[Data entries]

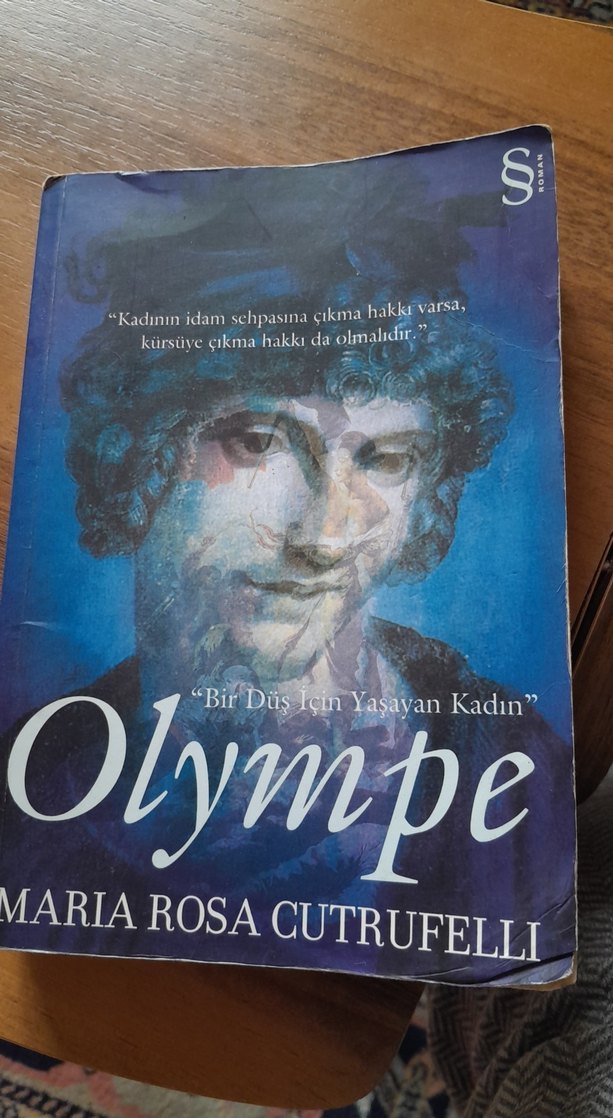 Maria Rosa Cutrufelli'nin "Olympe - Bir Düş İçin Yaşayan Kadın" adlı romanı, kadın hakları ve adalet temalarını işler. Kapakta bir yüz resmi ve kadınların konuşma hakkıyla ilgili bir alıntı yer alır.
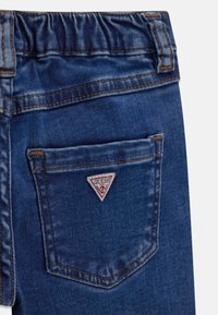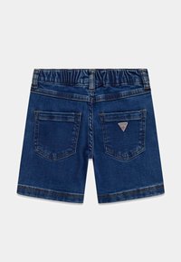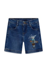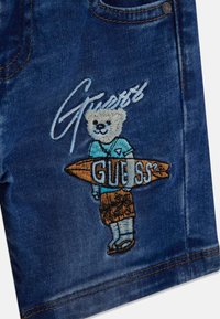 Short en denim bleu foncé avec poches frontales et broderie d'un ours tenant une planche de surf avec le texte "Guess" sur la jambe droite.
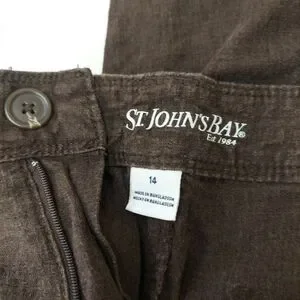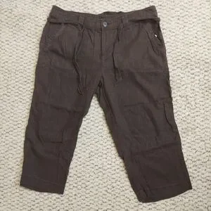 St Johns Bay Capris Linen Blend Capris Womens 14 Brown Drawstring Shorts
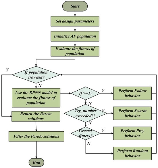 Among the numerous metaheuristic algorithms, the artificial fish swarm algorithm (AFSA) has recently garnered significant attention in the literature []. The AFSA is a population-based intelligent optimization algorithm, fundamentally inspired by the follow, swarm, prey, and random behaviors of fish [,,]. This algorithm is applicable to various continuous and combinatorial optimization problems. Suppose an artificial fish is currently in state Z, with a visual field set to V, and at a given moment, its viewed position is Zv. If the state at the viewed position is better than the current state of the artificial fish, the fish can move one step towards Zn; otherwise, it continues to search within its visual field for other positions. The perception ability of artificial fish to the surrounding environment increases with the number of explorations, and the improvement of perception ability can help AF make the next decision.
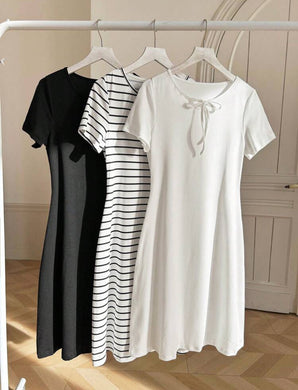 3 قطع مجموعة من الفستان المخطط باللونين الأسود والأبيض والفستان الأسود'
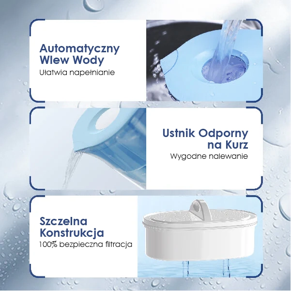 Wykonany z materiałów dopuszczonych do kontaktu z żywnością, bez BPA i ołowiu, dzbanek zapewni Tobie i Twojej rodzinie czystą wodę.
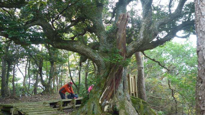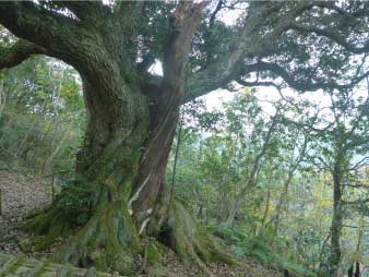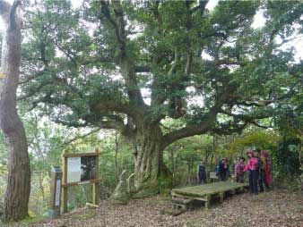 | 尾根道を快適に進み、かなり長い急な石段を登りきると、和合の樹に着く。アカマツとコジイが根元から一本の樹のように合体していたので「和合の樹」と名付けられ地域のシンボルになっていたそうです。現在はアカマツが枯れコジイに巻き付かれたような状態になっている。 |
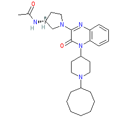 | SMILES | CC(=O)N[C@@H]1CCN(c2nc3ccccc3n(C3CCN(C4CCCCCCC4)CC3)c2=O)C1 |
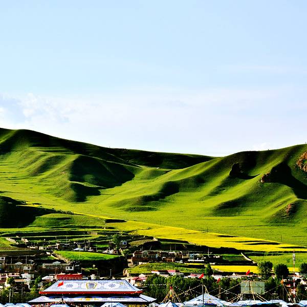 当周草原风景区位于合作市郊南山脚下。时至盛夏,野生花卉在碧绿的草地上竞相开放,尤为美丽当周草原风景区位于合作市郊南山脚下。景区内阴坡地带绿树成荫,阳坡地带绿草连天,高山、森林、草原和亭台帐篷融为一体。这里空气清爽洁净、日照丰富。时至盛夏,野生花卉在碧绿的草地上竞相开放,尤为美丽。
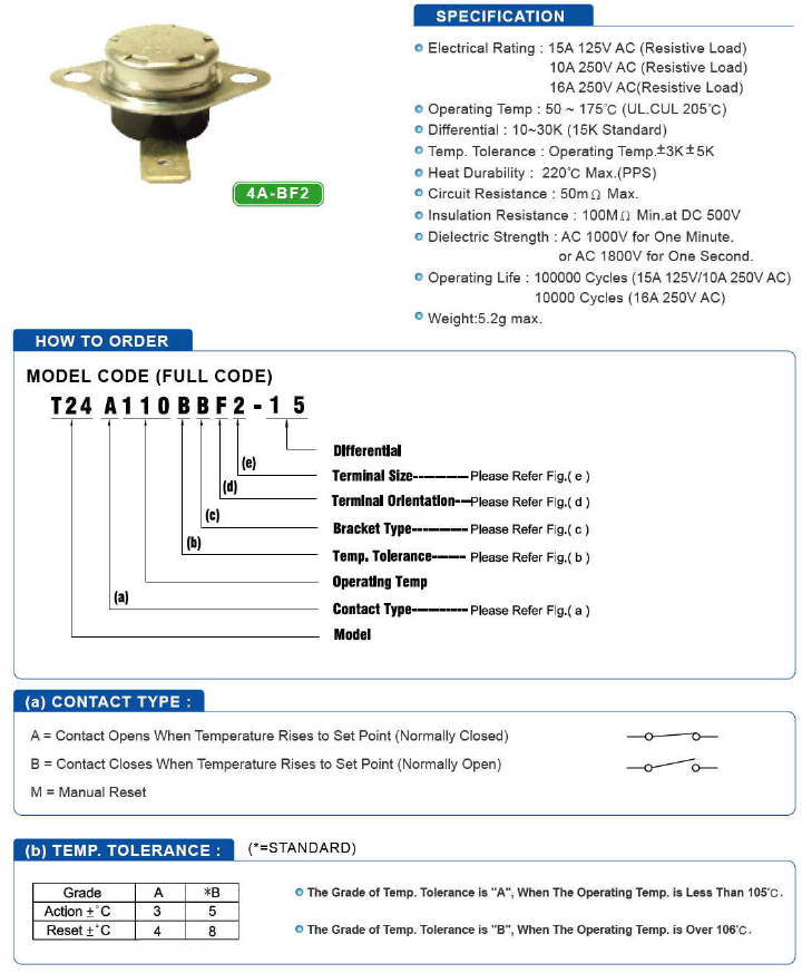 105(+2/-3)℃ | -5(±15)℃ | M Type 手動復歸型 |
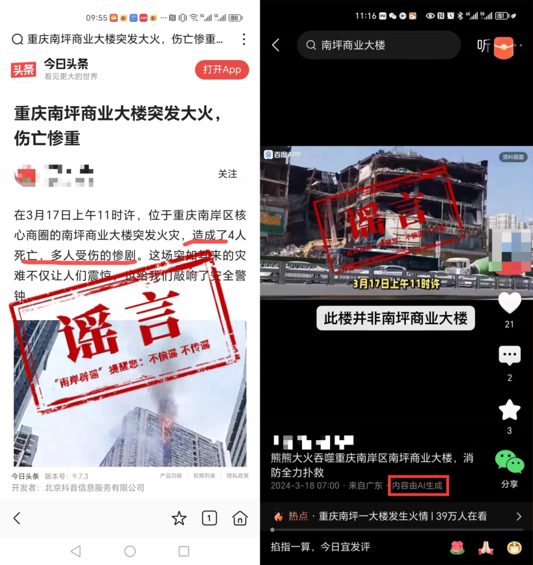 3月18日,网传消息称“重庆南坪商业大楼突发大火,伤亡惨重”,另有网友发布了经AI生成且图文严重不符的视频。
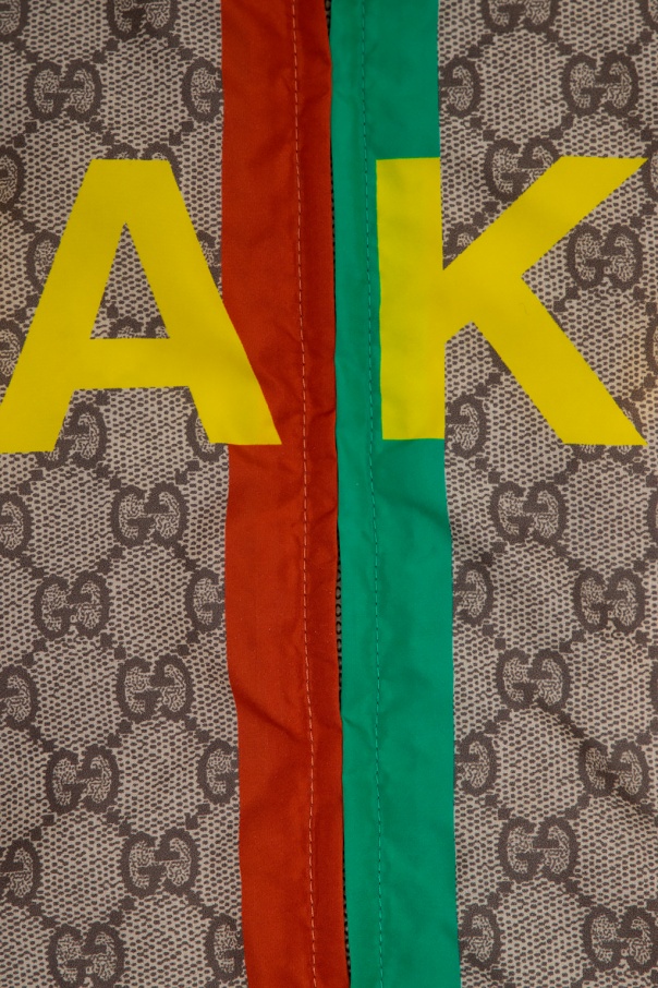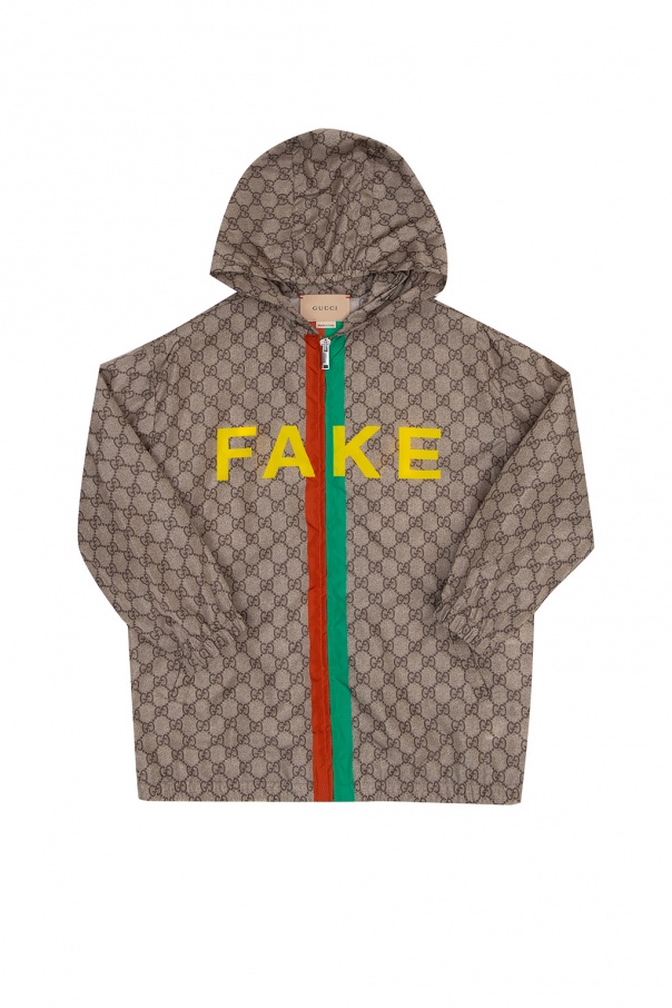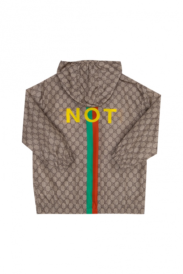 Beige and brown hooded jacket from Gucci Kids. Illustrated with the brand's iconic GG pattern and a yellow, green and red graphic print, this item features a zip fastening, two welt pockets and an elasticated bottom hem and cuffs.

§ **TASK DETAILS**
Print all the lines above again exactly, without any pictures.

§ **REPLY**
 Maria Rosa Cutrufelli'nin "Olympe - Bir Düş İçin Yaşayan Kadın" adlı romanı, kadın hakları ve adalet temalarını işler. Kapakta bir yüz resmi ve kadınların konuşma hakkıyla ilgili bir alıntı yer alır.
 Short en denim bleu foncé avec poches frontales et broderie d'un ours tenant une planche de surf avec le texte "Guess" sur la jambe droite.
 St Johns Bay Capris Linen Blend Capris Womens 14 Brown Drawstring Shorts
 Among the numerous metaheuristic algorithms, the artificial fish swarm algorithm (AFSA) has recently garnered significant attention in the literature []. The AFSA is a population-based intelligent optimization algorithm, fundamentally inspired by the follow, swarm, prey, and random behaviors of fish [,,]. This algorithm is applicable to various continuous and combinatorial optimization problems. Suppose an artificial fish is currently in state Z, with a visual field set to V, and at a given moment, its viewed position is Zv. If the state at the viewed position is better than the current state of the artificial fish, the fish can move one step towards Zn; otherwise, it continues to search within its visual field for other positions. The perception ability of artificial fish to the surrounding environment increases with the number of explorations, and the improvement of perception ability can help AF make the next decision.
 3 قطع مجموعة من الفستان المخطط باللونين الأسود والأبيض والفستان الأسود'
 Wykonany z materiałów dopuszczonych do kontaktu z żywnością, bez BPA i ołowiu, dzbanek zapewni Tobie i Twojej rodzinie czystą wodę.
 | 尾根道を快適に進み、かなり長い急な石段を登りきると、和合の樹に着く。アカマツとコジイが根元から一本の樹のように合体していたので「和合の樹」と名付けられ地域のシンボルになっていたそうです。現在はアカマツが枯れコジイに巻き付かれたような状態になっている。 |
 | SMILES | CC(=O)N[C@@H]1CCN(c2nc3ccccc3n(C3CCN(C4CCCCCCC4)CC3)c2=O)C1 |
 当周草原风景区位于合作市郊南山脚下。时至盛夏,野生花卉在碧绿的草地上竞相开放,尤为美丽当周草原风景区位于合作市郊南山脚下。景区内阴坡地带绿树成荫,阳坡地带绿草连天,高山、森林、草原和亭台帐篷融为一体。这里空气清爽洁净、日照丰富。时至盛夏,野生花卉在碧绿的草地上竞相开放,尤为美丽。
 105(+2/-3)℃ | -5(±15)℃ | M Type 手動復歸型 |
 3月18日,网传消息称“重庆南坪商业大楼突发大火,伤亡惨重”,另有网友发布了经AI生成且图文严重不符的视频。
 Beige and brown hooded jacket from Gucci Kids. Illustrated with the brand's iconic GG pattern and a yellow, green and red graphic print, this item features a zip fastening, two welt pockets and an elasticated bottom hem and cuffs.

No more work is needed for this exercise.